Six beetles with shiny green and brown shells on a leaf with bite marks.
Japanese scarab beetles (Popillia japonica) are a significant pest and strictly quarantined outside Japan. Female beetles attract mates with a mating hormone, japonilure, but males only respond to one mirror-image version of the molecule. Working with a related beetle found in southeast Asia, Anomala corpulenta, U.S. and Chinese researchers have now been able to identify the receptors that allow these insects to distinguish between mirror versions of their mating hormones. The knowledge could lead to new ways to detect, monitor and control invasive pests. (Getty Images)

Mirror Image Pheromones Help Beetles Swipe Right

There are many ways to communicate with prospective romantic partners: If you are a Japanese scarab beetle, it’s a matter of distinguishing left from right. New work from U.S. and Chinese scientists, published this week in Proceedings of the National Academy of Sciences, shows how these beetles use mirror-image pheromones to find a mate. The work could lead to better monitoring and control of significant agricultural pests.

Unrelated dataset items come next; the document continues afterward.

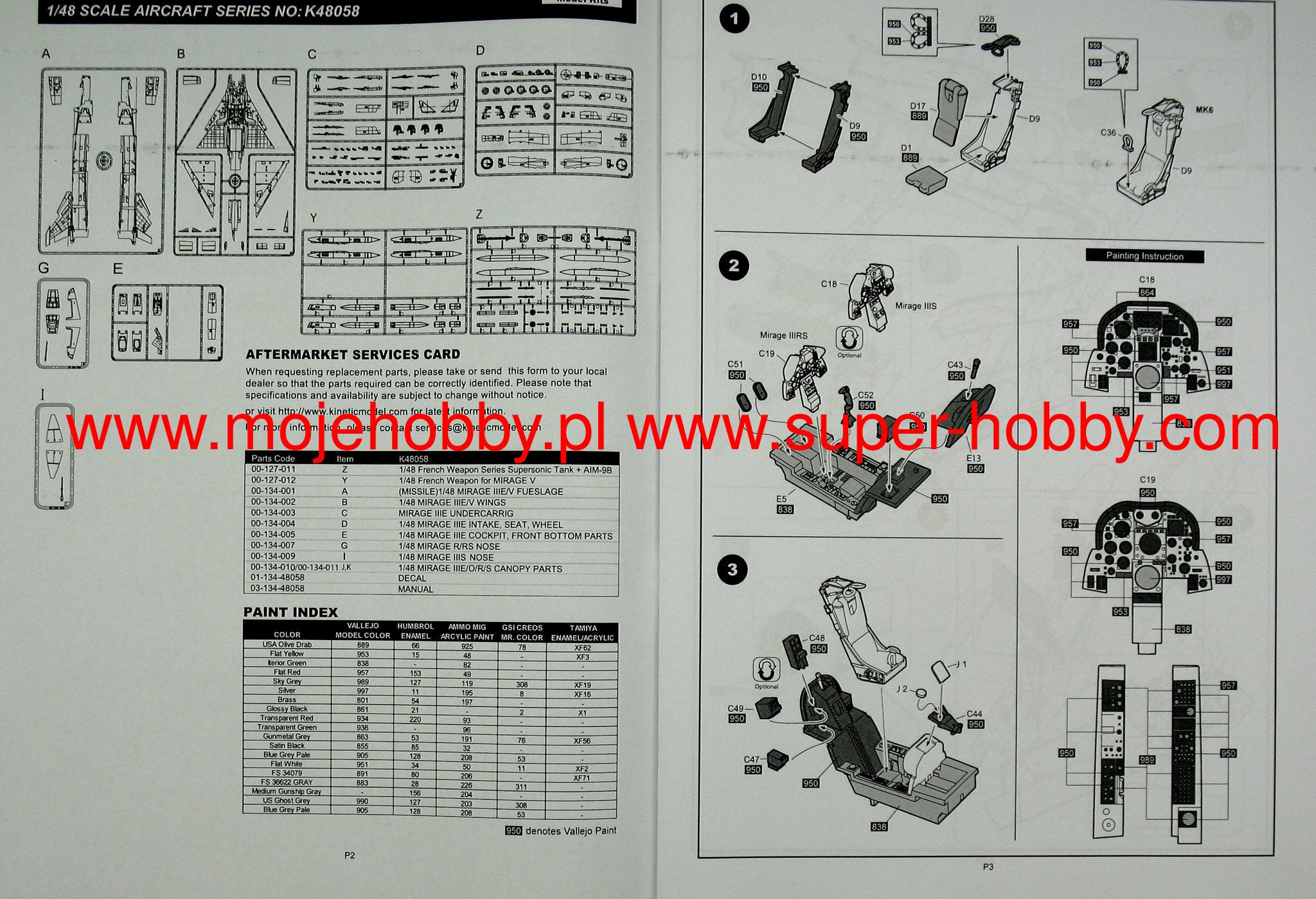 The Dassault Mirage III / 5/50 is a French single-engine fighter-attack aircraft with a delta-shaped lobe, without horizontal tail. In late 1955, Dassault began building a single prototype that retained the delta wing and an enlarged fuselage that could accommodate one SNECMA Atar 101G1 engine. The resulting Mirage III-001 was flown on November 17, 1956, to reach a flight speed of 1.52Ma after just two months. The use of manually controlled cones in fixed side inlets and the Atar 101G2 engine with thrust increased to 4490 kg, allowed to increase the speed to 1.65Ma, and then by using the SERP rocket accelerator - to 1.8Ma. To achieve the highest speed, Dassault modified the wing and after the first flight on May 12, 1958, Mirage IIIA reached the speed of 2.2Ma with an additional rocket engine. This led to the launch of production of the two-seater training version with tandem seats - the Mirage IIIB and the single-seat interceptor Mirage IIIC. The latter version had a built-in Cyrano AI radar, and two 30mm cannons could be supported by Matra R.530 or AIM-9 Sidewinder air-to-air missiles. The next important version was the long-range Mirage IIIE fighter-bomber, with the Atar 9C engine built into a slightly extended hull. This version was equipped with the Cyrano II radar, which, in combination with the Doppler radar and the TACAN navigation system, made it possible to conduct an attack at low altitude without the target's visibility in all weather conditions. Modification programs Mirage III (and derivatives V and 50) include the installation of modern navigation systems, weapons control and adaptation to modern types of weapons. The second area of modification is the installation of Atar 9K-50 engines with a thrust greater by about 20%, adaptation to centralized refueling under pressure and refueling during the flight, installation of zero-zero class catapult seats, improved visibility from the cabin, installation of front control surfaces increasing maneuverability in air combat, adaptation to carrying containers, e.g. for electronic warfare, laser target marking, recognition or infrared imaging of targets. Technical data (version IIIC): length: 14.77m, wingspan: 8.22m, height: 4.25m, maximum speed: 2.2Ma, climb speed: 83m / s, maximum range (with additional tanks): 4000km, maximum ceiling 17000m, equipment: fixed - two 30mm DEFA 552 cannons, suspended (Mirage 5) - up to 4200 kg of cargo.
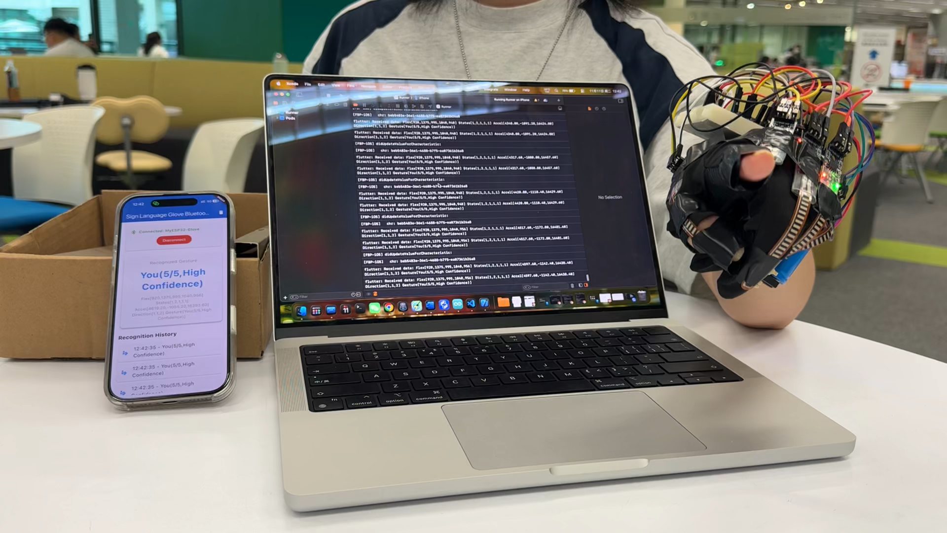 本次獲獎團隊由數學與資訊科技學系三年級學生黃予思、劉曉彬,以及一年級學生鄧逸軒組成,指導老師為張浩然博士。團隊成員深耕人工智能專業知識,針對聽語障人士與大眾之間長期存在的溝通障礙,研發出專為中文手語使用者設計的智慧翻譯手套,為無障礙溝通提供了全新解決方案。
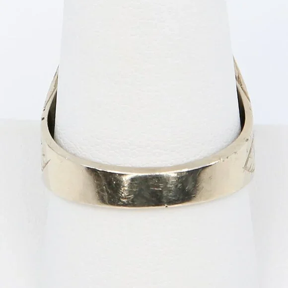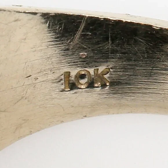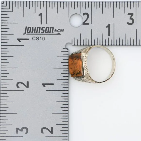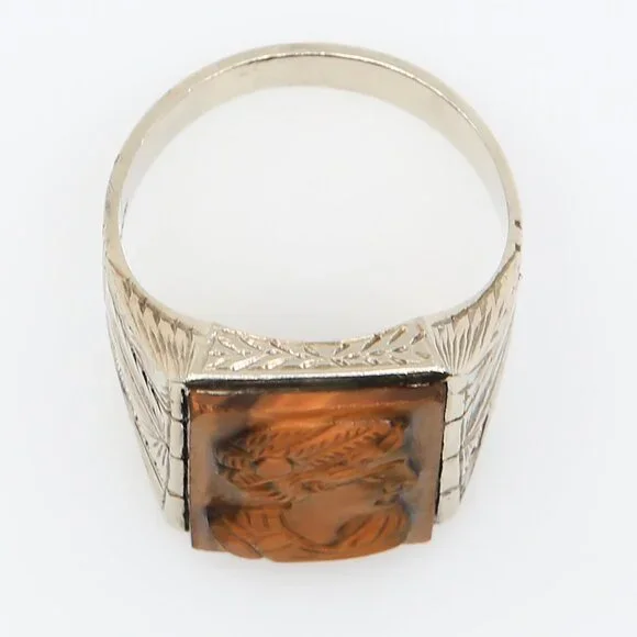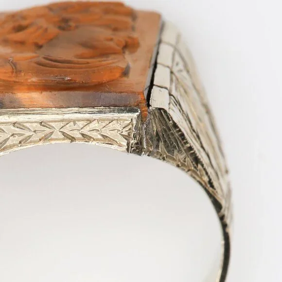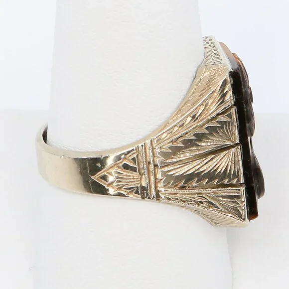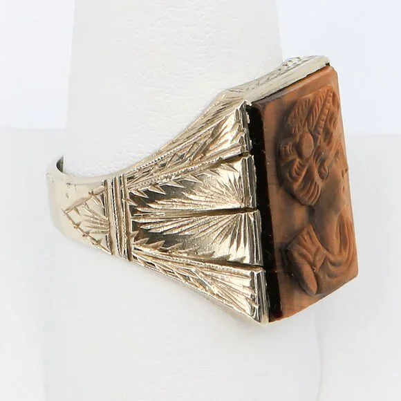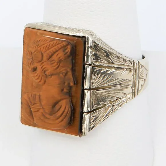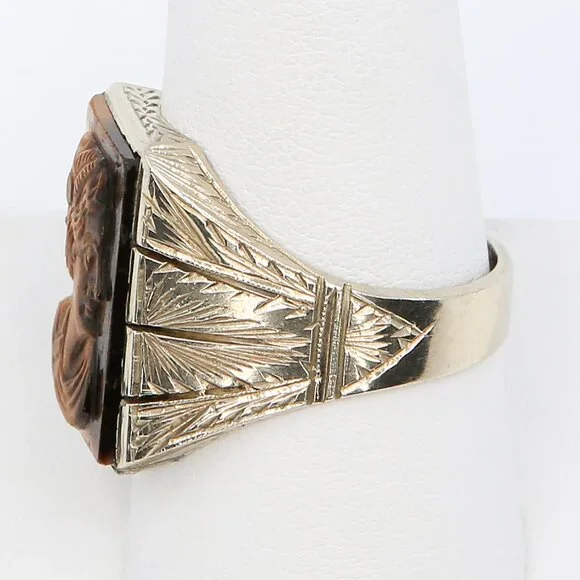 Beautiful antique Victorian 10K gold carved tiger eye cameo ring, gorgeous dark honey colored carved cameo of a woman with a strong Greek profile, wavy hair held by a stylized leaf hair accessory and wearing a draped tunic. The curved, linear design of the tiger eye adds dimension to the carved woman’s face. The cameo is set in a 10K white gold ring band with hand carved leaves on the shoulders and a lovely geometric design on the top and bottom of the setting. The ring is marked 10K on the inside of the band. Details:- Marks: 10K- Color: Silver, dark honey- Materials: 10K white gold, tiger eye gemstone- Dimensions: Size 9 ¼, 5.81 grams- Condition: Very good, the gold setting has a crack in the bottom right corner (see photos)Gold and silver are tested using appropriate jewelry acid testing solutions and a touch stone; acid is never placed on the jewelry.Since our items are vintage/antique, they may show wear from normal use. The product is sold as is; there are no major flaws unless noted. Please examine all photos carefully, and message me with any questions you may have. You will receive the exact item shown in the photo. The photography props used to display the item are not included.
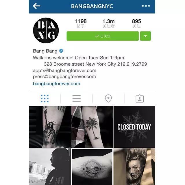 熟悉Rihanna的童鞋一定对这家Bang Bang纹身工作室毫不陌生,位于纽约的Bang Bang可是众明星光顾最多的纹身工作室了。
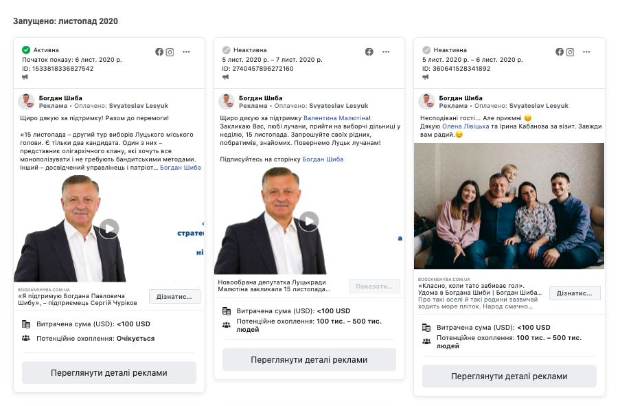 Зауважимо, що згідно із даними Бібліотеки реклами Facebook, із офіційної сторінки кандидата станом на 7 листопада рекламували принаймні 4 дописи про підтримку Богдана Шиби – зокрема, Народним Рухом України (транслювалася до 23 жовтня), Миколою Яручиком, Валентиною Малютіною та Юрієм Моклицею. Оплачував цю рекламу Святослав Лесюк. Кожен із дописів транслювався із застереженням та коштував від 0 до 100 доларів. Окрім того, ще один екскандидат на посаду міського голови висловив свою позицію щодо голосування у другому турі.

The Japanese beetle, Popillia japonica, is a major agricultural pest that cannot be legally imported into the United States. In 1977, researchers discovered that females of P. japonica attract males with a pheromone, japonilure. Like most biological molecules, japonilure can exist in two forms that are mirror images of each other, the R-form and S-form. R-japonilure attracts males but S-japonilure repels them.

Twenty years later, Walter Leal, now professor of molecular and cellular biology at the University of California, Davis, and senior author on the new paper, discovered that a different, closely related scarab beetle, Anomala osakana, also uses japonilure as a sex pheromone, but the other way round: the S-form attracts males and the R-form repels them.